A report from The Daily Camera in Colorado. “Housing markets around the state are beginning to cool down, and Boulder County is no exception, according to the Colorado Association of Realtors. Statewide, median prices for single-family homes slipped just under 1% to $407,000 and also were down 1.6% for condos/townhomes sitting at $310,000, the report stated. The prices of townhomes and condos in Boulder County have fallen further than those of single-family homes, with the median price declining of 3.7% year-to-date. ‘In Boulder County, it appears the days of the seller’s market are over,’ the report stated. ‘Buyers rejoice … prices seem reasonable and the bidding war days seem like a distant memory.'”

“The condo/townhome inventory in the seven-county Denver metro area is up 19% from a year ago and the statewide market is up more than 7% in active inventory from June 2018, according to the report. In Broomfield County, new listings are up 21%, with 18% of them selling in less than 32 days, according to the report, but median home prices are up just 1% since the beginning of the year. ‘It appears the days of the seller’s market are over here as well,’ the report stated.”

The Tallahassee Democrat in Florida. “For the past several years, the real estate market has seen higher than normal appreciation rates when it comes to home values. This year, we are still seeing home values on the rise, but the rate of growth has slowed to a normal level. On the other hand, condominium values have declined throughout the year due to the glut of units still remaining as a result of the housing market expansion phase that ended in 2006.”

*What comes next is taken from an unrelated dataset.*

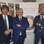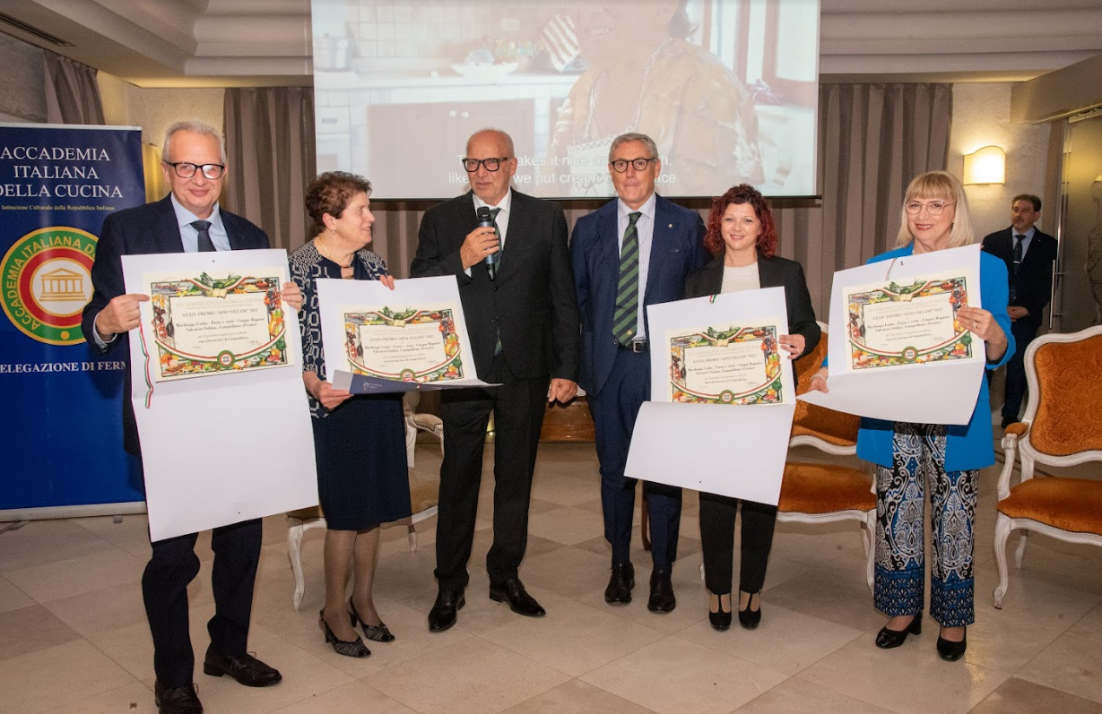 Nella splendida cornice di Villa Lattanzi è avvenuta la cerimonia di consegna dei Premi nazionali proposti dalla Delegazione di Fermo. La serata è stata presentata e aperta dai saluti del Delegato Fabio Torresi, cui sono seguiti gli interventi del Presidente della Camera di Commercio delle Marche Gino Sabatini, del CT Marche e Delegato di Ancona Sandro Marani, che ha esaltato il ruolo della nostra Istituzione nella salvaguardia della tradizione e il contributo dei Premi nella promozione delle eccellenze territoriali. Ad essi sono seguite, apprezzatissime, la relazione di Ugo Bellesi, Consultore nazionale AIC e Delegato di Macerata, titolata “Nuvoletti, Alberini e Villani insigni Accademici” e quella dell’Accademico di Pescara Aternum Leonardo Seghetti, membro del Centro Studi Franco Marenghi, su “Cucina della tradizione, prodotti tipici e valorizzazione del territorio”. La presenza del Prefetto Vincenza Filippi, al termine del suo incarico a Fermo, è stata l’occasione per i dovuti ringraziamenti per il lavoro svolto. Alla cerimonia è seguita la cena basata su piatti della tradizione interpretati dal giovane cuoco di Villa Lattanzi. Di gradimento assoluto sono stati i dolci finali.

The Arizona Republic. “In June, I was in a Phoenix doctor’s office and overheard two women talking about how the housing market was ‘crashing again.’ While I waited, I couldn’t help but listen as one woman told the other that her home’s value could fall like it did during the crash of 2009.”

“Real estate experts don’t see signs of a crash looming. ‘It’s not happening’ said Tina Tamboer, senior housing analyst with the Cromford Report, about a potential plummet in the area’s home prices. ‘It’s still a sellers’ market, but people need to be reasonable and not crazy about pricing their home,’ said veteran agent Bobby Lieb.”

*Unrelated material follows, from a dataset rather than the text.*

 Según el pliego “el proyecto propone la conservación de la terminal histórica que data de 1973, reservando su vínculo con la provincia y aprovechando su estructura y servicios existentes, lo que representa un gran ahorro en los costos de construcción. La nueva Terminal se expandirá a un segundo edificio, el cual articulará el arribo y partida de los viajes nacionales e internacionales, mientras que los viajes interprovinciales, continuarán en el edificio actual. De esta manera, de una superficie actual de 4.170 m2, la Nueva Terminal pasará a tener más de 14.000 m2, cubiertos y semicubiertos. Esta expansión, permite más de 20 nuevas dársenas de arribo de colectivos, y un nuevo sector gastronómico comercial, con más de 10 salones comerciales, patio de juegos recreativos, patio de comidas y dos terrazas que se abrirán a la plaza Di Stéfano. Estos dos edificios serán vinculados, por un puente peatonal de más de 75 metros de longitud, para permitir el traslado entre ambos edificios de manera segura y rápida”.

From Seattle PI in Washington. “The newly released Northwest MLS statistics showed Seattle’s condo marketing trudging along in June with more of the same we’ve been experiencing – more inventory, a slower sales pace and stagnant values. Compared to a year ago the median sales price for condos in Seattle dipped 6.24% to $494,990. It was the 6th consecutive month that the citywide median sales price underperformed 2018 levels.”

“But, that doesn’t mean the market is in a death spiral. In fact, Seattle condo values have stabilized over the past several months around the $490,000 price point, even with an influx of inventory and slower sales activity. The number of listings stayed about the same as last month at 694 Seattle condo units for sale, though that reflected an 86% increase in inventory over last June.”

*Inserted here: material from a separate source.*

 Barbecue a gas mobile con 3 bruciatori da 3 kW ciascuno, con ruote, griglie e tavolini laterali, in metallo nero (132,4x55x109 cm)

From Mansion Global on New York. “Manhattan luxury home deals plummeted in the first week of the month after a hike in the city’s mansion tax, according to a report. Buyers signed contracts for only nine homes priced at $4 million or more in the week ending Sunday, a 64% decline from the previous week, according to the weekly roundup from Olshan Realty. There wasn’t a single deal over $10 million last week, which is rare for Manhattan.”

From Martha’s Vineyard Times in Massachusetts. “I have been suggesting for several months that a sluggish market might be a sign that prices are just too high. I am seeing more and more price reductions on homes that have not had enough activity at the offered price and have considerable room to negotiate. This could be the ideal opportunity to buy the home of your dreams at a lower-than-current-average pricing would suggest, combined with excellent financing terms.”

“Before you disregard a property based on price in this market, review what the price of any property should be with your buyer-broker rather than what the listing agent and seller determined was a good list price months ago. After several price reductions, you may not have as much negotiating room as a home that has been lingering, so watch for new reductions or those homes that are priced higher than the current market would suggest.”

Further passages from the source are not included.